About me
I am a third year PhD student in computer science at the The University of Washington, where I work
with Hannaneh Hajishirzi and Ali Farhadi.
My research spans natural language processing and computer vision. Prior to UW, I received my B.Sc. in computer engineering from Sharif University of Technology.
I publish under my full name Mohammadreza, and go by Reza among my friends.
To masters and undergraduate students: I'm looking for motivated students to work with us on some cool large-scale multi-modal video projects. Please email me your CV and a link to your code portfolio (e.g. Github acount etc.) if you are interested!
News
Publications
For the full list of publications please visit the publications page.
CLIP meets Model Zoo Experts: Pseudo-Supervision for Visual Enhancement
Mohammadreza Salehi, Mehrdad Farajtabar, Maxwell Horton, Fartash Faghri, Hadi Pouransari, Raviteja Vemulapalli, Oncel Tuzel, Ali Farhadi, Mohammad Rastegari, Sachin Mehta
UniReps Workshop at NeurIPS'23 (under submission to TMLR)
arXiv / Code (Soon!)
TL;DR
We showed how one can merge any task-specific expert model from open-source model zoos into foundation models (FMs) such as CLIP. This enhances the visual features of FM for dense prediction and localization tasks without collecting any supervised data.
SHARCS: Efficient Transformers through Routing with Dynamic Width Sub-networks
Mohammadreza Salehi, Sachin Mehta, Aditya Kusupati, Ali Farhadi, Hannaneh Hajishirzi.
EMNLP'23 Findings
arXiv / Code
TL;DR
We introduced a new sample adaptive inference method called SHARCS🦈. It routes samples to different sub-networks with varying widths within any transformer network based on the hardness of input sample.

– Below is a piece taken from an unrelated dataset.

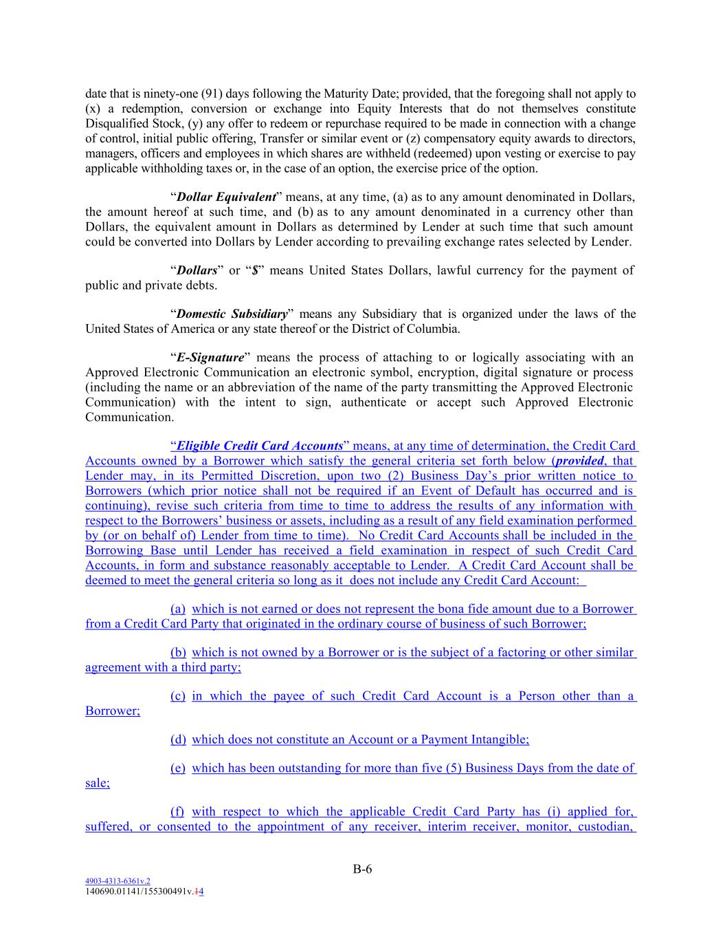 date that is ninety-one (91) days following the Maturity Date; provided, that the foregoing shall not apply to (x) a redemption, conversion or exchange into Equity Interests that do not themselves constitute Disqualified Stock, (y) any offer to redeem or repurchase required to be made in connection with a change of control, initial public offering, Transfer or similar event or (z) compensatory equity awards to directors, managers, officers and employees in which shares are withheld (redeemed) upon vesting or exercise to pay applicable withholding taxes or, in the case of an option, the exercise price of the option. “Dollar Equivalent” means, at any time, (a) as to any amount denominated in Dollars, the amount hereof at such time, and (b) as to any amount denominated in a currency other than Dollars, the equivalent amount in Dollars as determined by Lender at such time that such amount could be converted into Dollars by Lender according to prevailing exchange rates selected by Lender. “Dollars” or “$” means United States Dollars, lawful currency for the payment of public and private debts. “Domestic Subsidiary” means any Subsidiary that is organized under the laws of the United States of America or any state thereof or the District of Columbia. “E-Signature” means the process of attaching to or logically associating with an Approved Electronic Communication an electronic symbol, encryption, digital signature or process (including the name or an abbreviation of the name of the party transmitting the Approved Electronic Communication) with the intent to sign, authenticate or accept such Approved Electronic Communication. “Eligible Credit Card Accounts” means, at any time of determination, the Credit Card Accounts owned by a Borrower which satisfy the general criteria set forth below (provided, that Lender may, in its Permitted Discretion, upon two (2) Business Day’s prior written notice to Borrowers (which prior notice shall not be required if an Event of Default has occurred and is continuing), revise such criteria from time to time to address the results of any information with respect to the Borrowers’ business or assets, including as a result of any field examination performed by (or on behalf of) Lender from time to time). No Credit Card Accounts shall be included in the Borrowing Base until Lender has received a field examination in respect of such Credit Card Accounts, in form and substance reasonably acceptable to Lender. A Credit Card Account shall be deemed to meet the general criteria so long as it does not include any Credit Card Account: (a) which is not earned or does not represent the bona fide amount due to a Borrower from a Credit Card Party that originated in the ordinary course of business of such Borrower; (b) which is not owned by a Borrower or is the subject of a factoring or other similar agreement with a third party; (c) in which the payee of such Credit Card Account is a Person other than a Borrower; (d) which does not constitute an Account or a Payment Intangible; (e) which has been outstanding for more than five (5) Business Days from the date of sale; (f) with respect to which the applicable Credit Card Party has (i) applied for, suffered, or consented to the appointment of any receiver, interim receiver, monitor, custodian, B-6 4903-4313-6361v.2 140690.01141/155300491v.14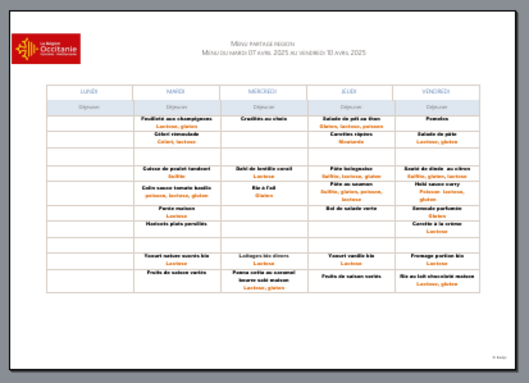 Menu de la semaine

Attentional Mixtures of Soft Prompt Tuning for Parameter-efficient Multi-task Knowledge Sharing
Akari Asai, Mohammadreza Salehi, Matthew E. Peters, Hannaneh Hajishirzi.
EMNLP'22
arXiv / Code
TL;DR
We introduced a new parameter-efficient fine-tuning method based on prompt tuning. In our method, prompts for some source tasks are learnt and for each sample in a new target task an attentional mixture of source prompts is used as the target prompt.
MERLOT Reserve: Multimodal Neural Script Knowledge through Vision and Language and Sound
Rowan Zellers, Jiasen Lu, Ximing Lu, Youngjae Yu, Yanpeng Zhao, Mohammadreza Salehi, Aditya Kusupati, Jack Hessel, Ali Farhadi, Yejin Choi.
CVPR'22
arXiv / Code
TL;DR
We introduce MERLOT Reserve, which learns from 20 million YouTube videos through all their modalities (audio, vision, and text). Learning from audio helps broadly -- even on single-image tasks like VCR. Our model learns state-of-the-art representations, that also transfer well to video-based tasks in a zero-shot setting.
Paraphrase Generation by Learning How to Edit from Samples
Amirhossein Kazemnejad, Mohammadreza Salehi, Mahdieh Soleymani Baghshah.
ACL'2020
ACL Anthology
TL;DR
Paraphrase generation by retrieving similar paraphrase pairs from a pre-existing corpus and editing them using multi-head attention mechanism.